> **Exercise goal**
Copying exactly, give the lines in the material below from the one with "The differences in" to the one with "意識の確認→人を呼ぶ→「あな", ends included, and nothing besides.

> **Given entries**
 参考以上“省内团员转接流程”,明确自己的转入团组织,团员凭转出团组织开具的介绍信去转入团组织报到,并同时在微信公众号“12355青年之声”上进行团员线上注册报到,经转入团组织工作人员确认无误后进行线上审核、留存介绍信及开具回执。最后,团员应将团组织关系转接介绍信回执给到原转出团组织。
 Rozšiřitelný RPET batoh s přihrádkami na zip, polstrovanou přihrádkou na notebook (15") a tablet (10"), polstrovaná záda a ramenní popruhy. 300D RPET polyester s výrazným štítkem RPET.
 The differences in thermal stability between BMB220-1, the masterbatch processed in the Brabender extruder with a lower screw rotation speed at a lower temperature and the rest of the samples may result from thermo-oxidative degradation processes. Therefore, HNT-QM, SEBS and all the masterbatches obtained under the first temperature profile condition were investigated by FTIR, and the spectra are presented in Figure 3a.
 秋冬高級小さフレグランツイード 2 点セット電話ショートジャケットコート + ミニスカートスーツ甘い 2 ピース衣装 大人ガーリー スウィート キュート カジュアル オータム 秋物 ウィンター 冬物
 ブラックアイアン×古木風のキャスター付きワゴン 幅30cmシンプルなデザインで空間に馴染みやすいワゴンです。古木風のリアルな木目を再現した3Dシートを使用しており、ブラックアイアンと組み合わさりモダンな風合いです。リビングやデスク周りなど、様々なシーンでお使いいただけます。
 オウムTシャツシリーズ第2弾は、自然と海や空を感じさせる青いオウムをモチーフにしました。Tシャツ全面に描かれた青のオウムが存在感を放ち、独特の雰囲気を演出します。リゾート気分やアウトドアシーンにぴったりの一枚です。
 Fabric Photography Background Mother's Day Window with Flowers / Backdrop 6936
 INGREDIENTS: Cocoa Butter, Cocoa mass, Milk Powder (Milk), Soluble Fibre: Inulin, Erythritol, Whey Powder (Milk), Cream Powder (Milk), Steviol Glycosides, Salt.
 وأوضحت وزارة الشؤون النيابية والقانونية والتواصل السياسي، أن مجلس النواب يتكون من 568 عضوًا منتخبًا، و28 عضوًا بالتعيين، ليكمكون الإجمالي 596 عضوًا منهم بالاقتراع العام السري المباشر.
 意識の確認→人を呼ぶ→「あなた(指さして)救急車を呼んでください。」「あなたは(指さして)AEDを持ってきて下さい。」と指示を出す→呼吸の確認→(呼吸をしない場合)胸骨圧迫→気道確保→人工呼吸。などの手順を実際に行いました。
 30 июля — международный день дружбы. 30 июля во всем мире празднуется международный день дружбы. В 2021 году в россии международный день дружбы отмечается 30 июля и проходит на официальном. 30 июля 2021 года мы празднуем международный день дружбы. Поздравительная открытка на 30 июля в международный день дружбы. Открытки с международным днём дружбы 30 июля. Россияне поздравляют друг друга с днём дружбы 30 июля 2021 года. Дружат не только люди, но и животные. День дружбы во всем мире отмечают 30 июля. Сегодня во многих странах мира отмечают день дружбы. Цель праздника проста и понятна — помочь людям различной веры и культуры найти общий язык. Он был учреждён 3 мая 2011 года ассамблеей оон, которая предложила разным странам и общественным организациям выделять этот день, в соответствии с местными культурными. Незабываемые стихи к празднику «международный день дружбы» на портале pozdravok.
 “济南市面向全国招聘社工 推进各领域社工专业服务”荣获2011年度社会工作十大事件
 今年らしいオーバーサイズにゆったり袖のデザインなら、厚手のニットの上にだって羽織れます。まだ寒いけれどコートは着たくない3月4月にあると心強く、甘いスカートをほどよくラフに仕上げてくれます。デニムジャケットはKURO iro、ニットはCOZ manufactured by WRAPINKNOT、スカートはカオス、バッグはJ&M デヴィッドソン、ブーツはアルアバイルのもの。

> **Written reply**
 The differences in thermal stability between BMB220-1, the masterbatch processed in the Brabender extruder with a lower screw rotation speed at a lower temperature and the rest of the samples may result from thermo-oxidative degradation processes. Therefore, HNT-QM, SEBS and all the masterbatches obtained under the first temperature profile condition were investigated by FTIR, and the spectra are presented in Figure 3a.
 秋冬高級小さフレグランツイード 2 点セット電話ショートジャケットコート + ミニスカートスーツ甘い 2 ピース衣装 大人ガーリー スウィート キュート カジュアル オータム 秋物 ウィンター 冬物
 ブラックアイアン×古木風のキャスター付きワゴン 幅30cmシンプルなデザインで空間に馴染みやすいワゴンです。古木風のリアルな木目を再現した3Dシートを使用しており、ブラックアイアンと組み合わさりモダンな風合いです。リビングやデスク周りなど、様々なシーンでお使いいただけます。
 オウムTシャツシリーズ第2弾は、自然と海や空を感じさせる青いオウムをモチーフにしました。Tシャツ全面に描かれた青のオウムが存在感を放ち、独特の雰囲気を演出します。リゾート気分やアウトドアシーンにぴったりの一枚です。
 Fabric Photography Background Mother's Day Window with Flowers / Backdrop 6936
 INGREDIENTS: Cocoa Butter, Cocoa mass, Milk Powder (Milk), Soluble Fibre: Inulin, Erythritol, Whey Powder (Milk), Cream Powder (Milk), Steviol Glycosides, Salt.
 وأوضحت وزارة الشؤون النيابية والقانونية والتواصل السياسي، أن مجلس النواب يتكون من 568 عضوًا منتخبًا، و28 عضوًا بالتعيين، ليكمكون الإجمالي 596 عضوًا منهم بالاقتراع العام السري المباشر.
 意識の確認→人を呼ぶ→「あなた(指さして)救急車を呼んでください。」「あなたは(指さして)AEDを持ってきて下さい。」と指示を出す→呼吸の確認→(呼吸をしない場合)胸骨圧迫→気道確保→人工呼吸。などの手順を実際に行いました。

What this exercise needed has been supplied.